Exercise material >>
Content starts
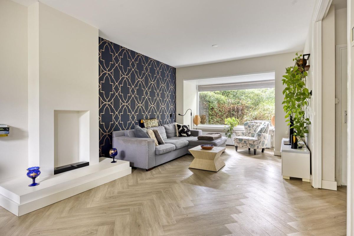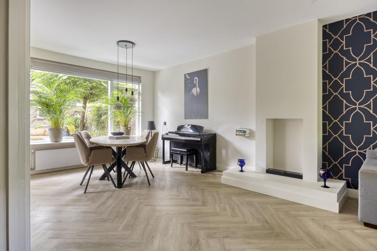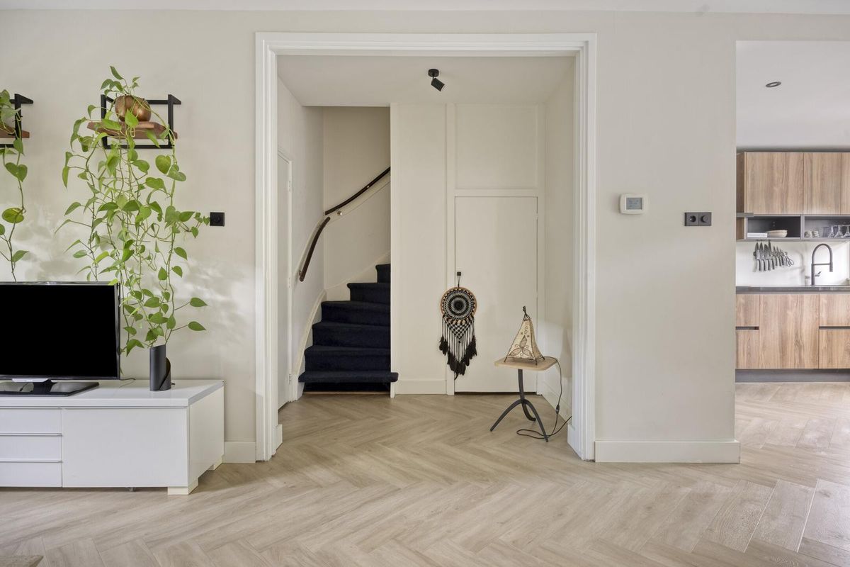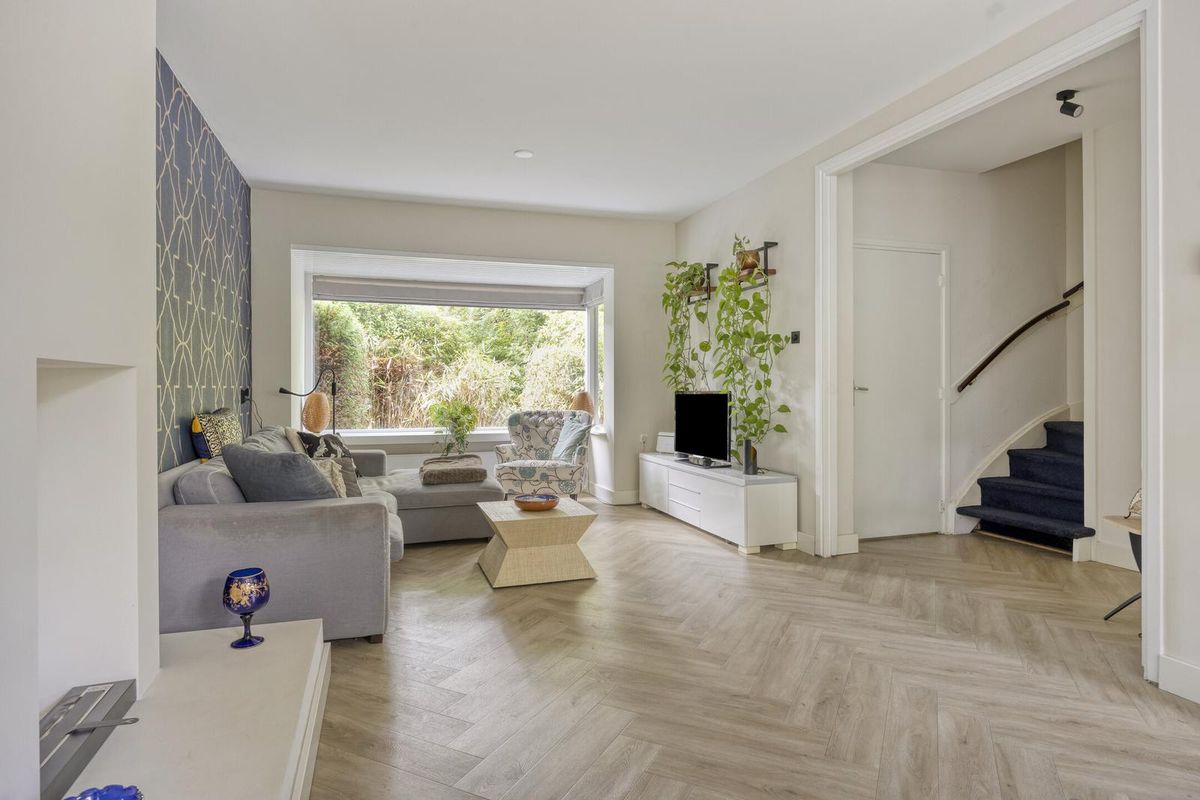De lichte woonkamer is een heerlijke leefruimte met grote ramen aan zowel de voor- als achterzijde en een charmante erker die zorgt voor extra lichtinval. De wanden en plafonds zijn strak gestuukt en op de vloer ligt een fraaie visgraat PVC-vloer (2022). Onder de trap is een praktische trapkast aanwezig.
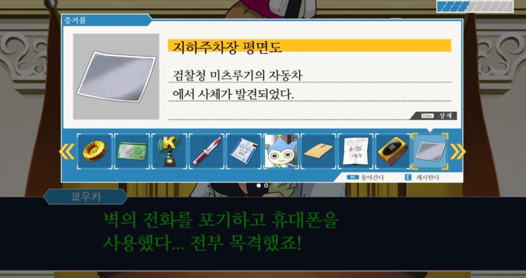 추궁과 공격적인 선택지를 반복하여 평면도 바탕의 증언을 보았다면 이상한 부분을 발견하셨을 것입니다. 만약 제대로 체크하셨다면 쿄우카의 위 대사는 상당히 이상하다는 것을 알 수 있죠.
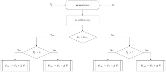 Perturb and Observe optimization strategy algorithm flow diagram.
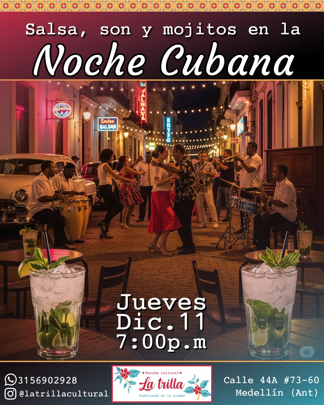Prepara tus mejores pasos: la Noche Cubana está de vuelta en La Trilla. Tendremos salsa, son y los mojitos más frescos, listos para un ambiente inigualable. La invitación incluye una clase básica de salsa gratis, perfecta para que te animes a bailar y vivir el sabor real de la isla.
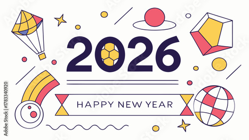 2026, new year, happy new year, celebration, greeting, modern, geometric, abstract, vector, illustration, design, future, calendar, date, season, holiday, festive, event, jan, football, football, sport, sphere, cone, polygon, shape, line, dot, colourful, bright, graphic, element, banner, message, digital, web, art, minimalist, typography, anniversary
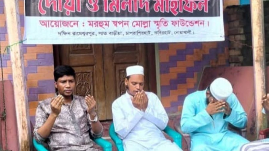 এর আগে, একই দিন বিকাল সোয়া ৫টার দিকে উপজেলার চাপরাশিরহাট ইউনিয়নের ৯ নম্বর ওয়ার্ডের সাত বাড়িয়া এলাকার মরহুম ছাত্রলীগ নেতা স্বপন মোল্লার বাড়িতে এ মিলাদ ও দোয়া মাহফিল অনুষ্ঠিত হয়। সাবেক ছাত্রলীগ নেতা স্বপন মোল্লা স্মৃতি ফাউন্ডেশনের ব্যানারে একই ওয়ার্ডের সাত বাড়িয়া ছাত্রলীগ-যুবলীগ এই কর্মসূচির আয়োজন করে।
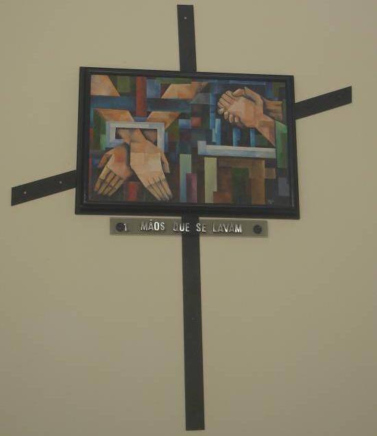 sentadas. No seu altar, de linhas simples, há apenas uma cruz, que pesa mais de 100 quilos, de madeira e vidro colorido, com luzes internas,
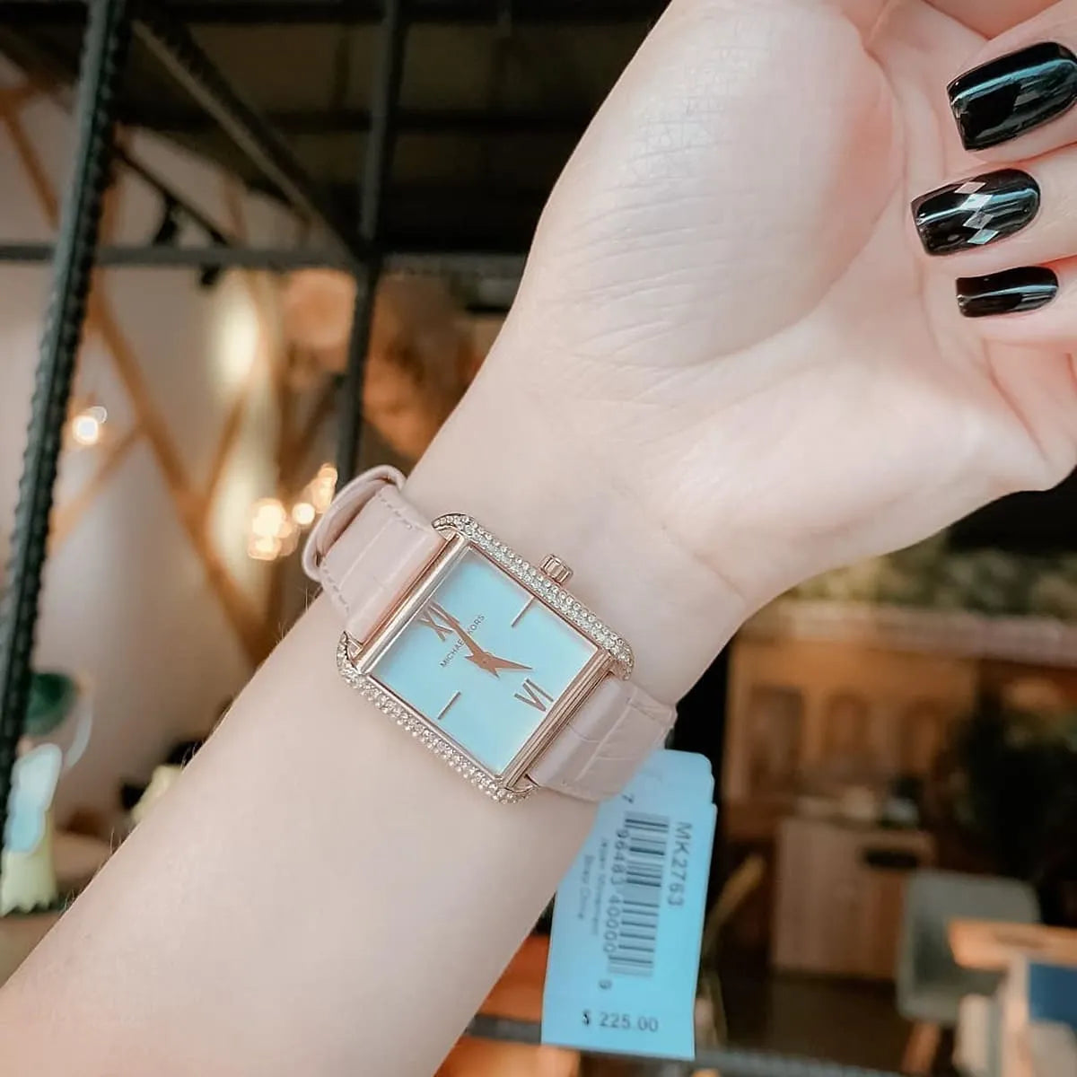 A decidely sophisticated take on a classic design, the stylish Lake shines with a rose-gold stainless-steel rectangle case with a glitz topring, white sunray dial, rose-gold dash markings at 3/9 hours and pink leather strap. The reliability and class of Michael Kors makes it a must have for all fashion aficionados.
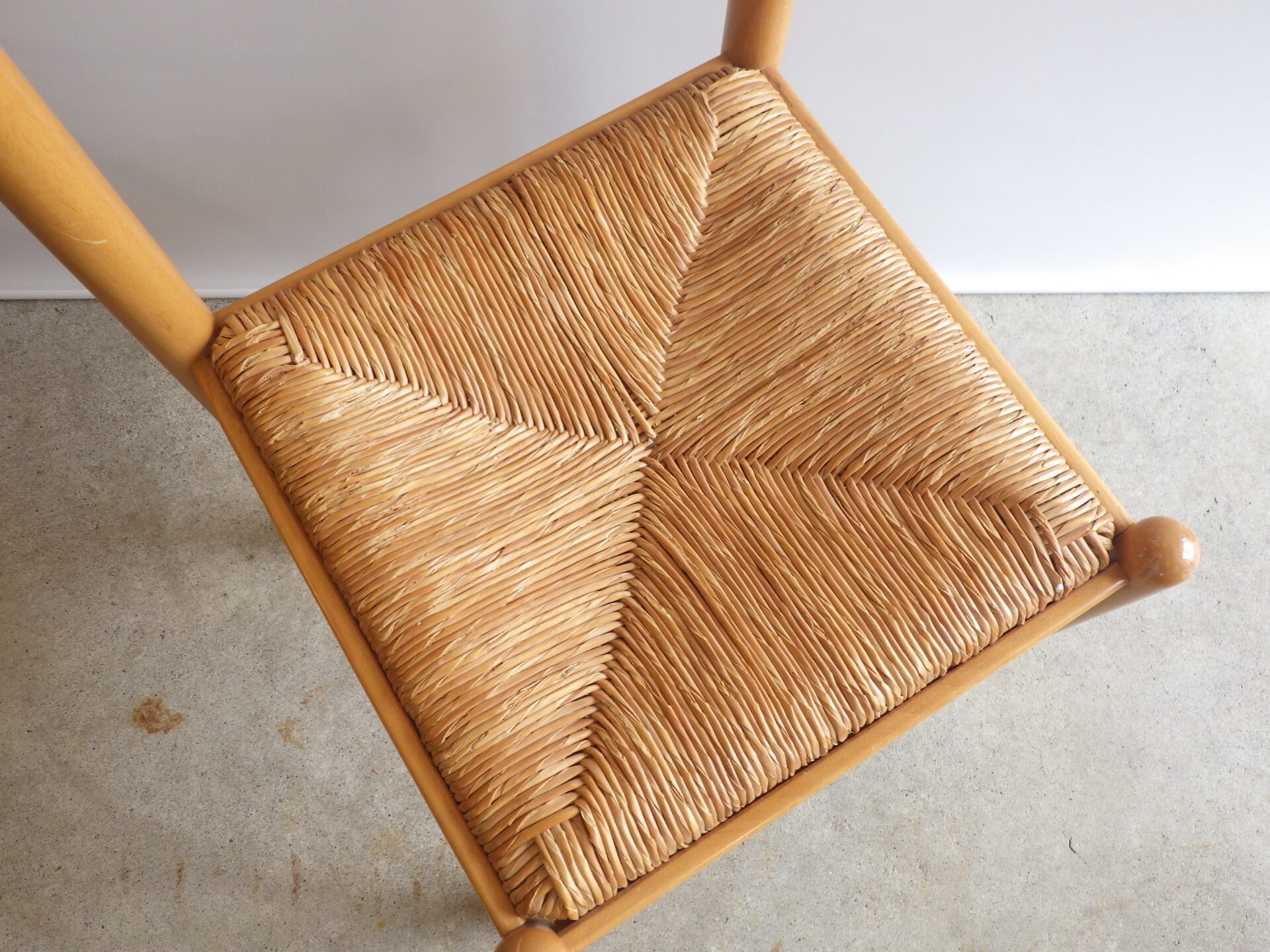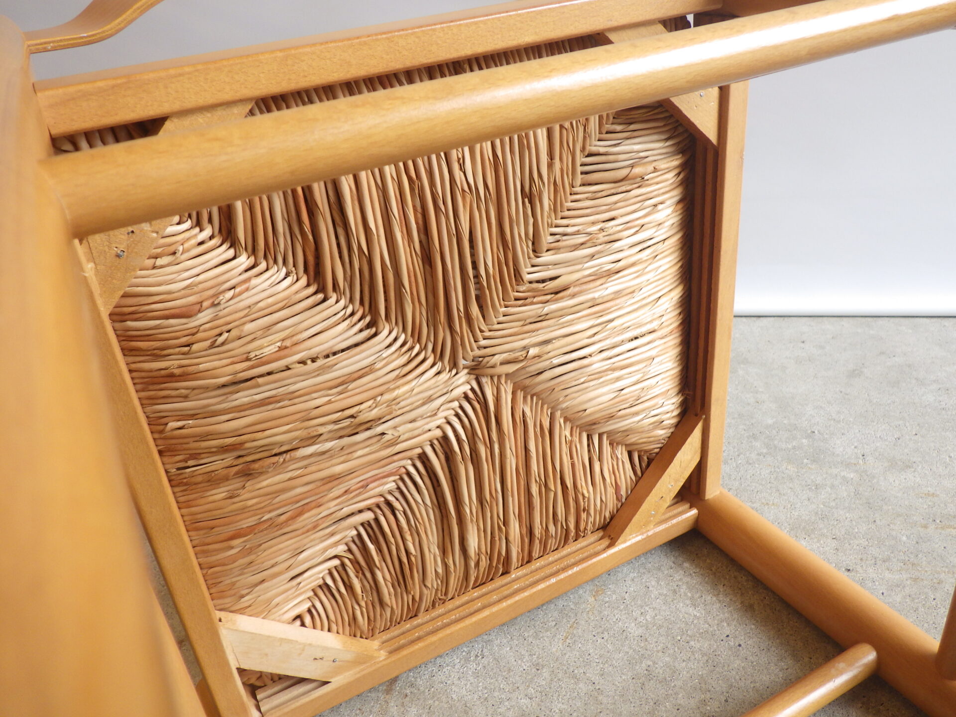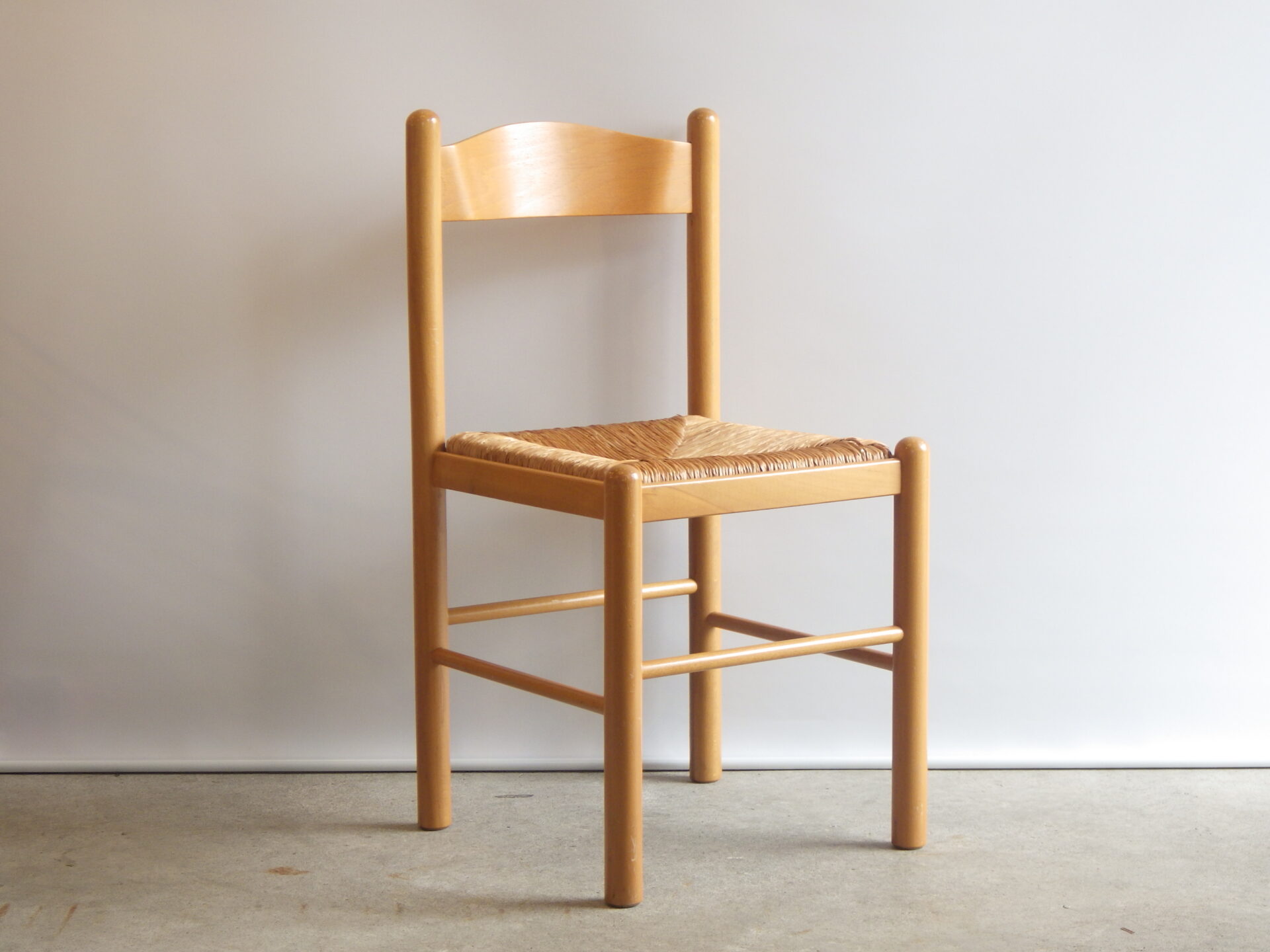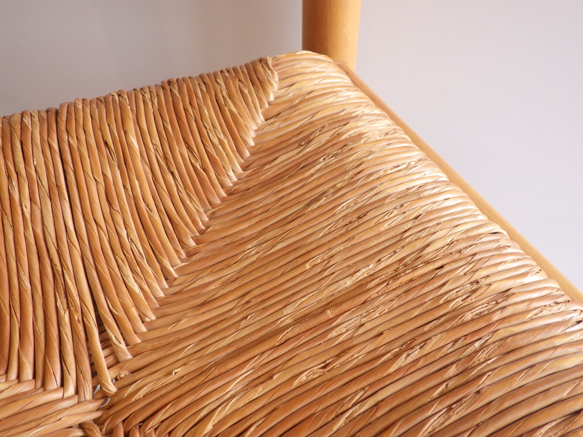 | ヨーロッパで買い付けました。 バーチ材のペーパーコードダイニングチェアです。 イタリア製と思われます。 夏は涼しく冬は暖かく、使い続けるほどに馴染んでいくペーパーコードチェア。 女性でも片手で簡単に持ち上げられるので、お掃除の際にもとても楽です。 またこちらのチェアは封筒編みとなっており、座面の中心に向けて緩やかに凹んでいるため、ゆったりとした座り心地で、快適に過ごしていただけますよ。 |
Content ends
Copy nothing but the lines from the line that contains "2026, new year, happy" through the end of the listing, exactly, and keep pictures out of it.

Exercise response >>
 2026, new year, happy new year, celebration, greeting, modern, geometric, abstract, vector, illustration, design, future, calendar, date, season, holiday, festive, event, jan, football, football, sport, sphere, cone, polygon, shape, line, dot, colourful, bright, graphic, element, banner, message, digital, web, art, minimalist, typography, anniversary
 এর আগে, একই দিন বিকাল সোয়া ৫টার দিকে উপজেলার চাপরাশিরহাট ইউনিয়নের ৯ নম্বর ওয়ার্ডের সাত বাড়িয়া এলাকার মরহুম ছাত্রলীগ নেতা স্বপন মোল্লার বাড়িতে এ মিলাদ ও দোয়া মাহফিল অনুষ্ঠিত হয়। সাবেক ছাত্রলীগ নেতা স্বপন মোল্লা স্মৃতি ফাউন্ডেশনের ব্যানারে একই ওয়ার্ডের সাত বাড়িয়া ছাত্রলীগ-যুবলীগ এই কর্মসূচির আয়োজন করে।
 sentadas. No seu altar, de linhas simples, há apenas uma cruz, que pesa mais de 100 quilos, de madeira e vidro colorido, com luzes internas,
 A decidely sophisticated take on a classic design, the stylish Lake shines with a rose-gold stainless-steel rectangle case with a glitz topring, white sunray dial, rose-gold dash markings at 3/9 hours and pink leather strap. The reliability and class of Michael Kors makes it a must have for all fashion aficionados.
 | ヨーロッパで買い付けました。 バーチ材のペーパーコードダイニングチェアです。 イタリア製と思われます。 夏は涼しく冬は暖かく、使い続けるほどに馴染んでいくペーパーコードチェア。 女性でも片手で簡単に持ち上げられるので、お掃除の際にもとても楽です。 またこちらのチェアは封筒編みとなっており、座面の中心に向けて緩やかに凹んでいるため、ゆったりとした座り心地で、快適に過ごしていただけますよ。 |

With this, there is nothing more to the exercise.